Column: Little juice, big world

Hannah Jones

Hannah Jones

CORRECTION: Due to an editing error, a previous version of this column misspelled the name of Neal's Deli. The column has been updated to reflect this change. The Daily Tar Heel apologizes for the error.

Sometimes you end up in a room so small it makes you question everything. 

Images are brought forward of extreme poverty in the 1930s and whatever your personal interpretation of a “shanty” is and those tiny cocoons that Japanese men supposedly sleep in on business trips. We don’t get a lot of that here in America, a country that is composed of fifty states but really only uses the motto of one of them (“everything’s bigger in Texas” should be revised to “everything’s just bigger here”). 

However, no matter how infrequently, there are small places in America. One of them is my 2008 two-seater Smart car. One of them is the second floor Bingham bathrooms. One of them is Neal's Deli in Carrboro. 

Small places create a very specific kind of ambiance, which I like to call “romantic claustrophobia.” Cue the feeling of being able to smell everyone’s in the diner’s farts — but still being okay with it because it’s romantic.

What I ordered:

Ham and egg and Swiss biscuit — $5.50

Orange juice — $2

I’m going to be honest here because you deserve that. I am willing to pay $5 for a ham and egg and swiss biscuit barely the size of a comparable $3.49 meal at Sunrise. I order food that is not worth the price for a number of reasons, the first of which being small touches like the menu saying “swiss” instead of “cheese.” 

Usually paying $8.50 (with tip) for a biscuit and juice wouldn’t bother me. That was until they handed me the juice.

Sometimes you end up with a bottle of juice so small it makes you question everything.

The juice bottle said eight ounces. I don’t believe that. There is no possible way. The juice floated in my hands like a feather, with not enough heft to be anchored there by gravity. The juice was a micro-microcosm of regular juice. The juice was nary significant enough to be a good metaphor for regular juice. The juice was that small.

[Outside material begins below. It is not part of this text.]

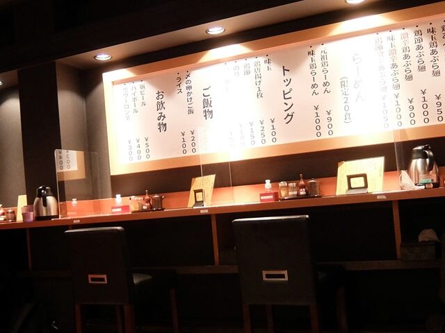 カウンターは席番号C1〜C5ですが、1席間引いて席間を空けて4席で営業、1席毎にアクリル板設置。

The juice sufficiently washed down my first three bites. After that it was like trying to sail a ship through the Sahara (if the Sahara was mostly soaked by butter). It wasn’t so much the dryness but the utter lack of appropriate citrus companionship that ruined the biscuit. To be clear, the biscuit was good. 

My meal was ruined by the expectation of juice, the common exchange of legal tender for juice, and the receiving of something much smaller and much more sinister.

I was tricked by Neal’s Deli. I was straight swindled, and I don’t appreciate it. I suggest you go, though. Order the coffee. Or the chocolate milk. Or just water. Please, please do not order the juice.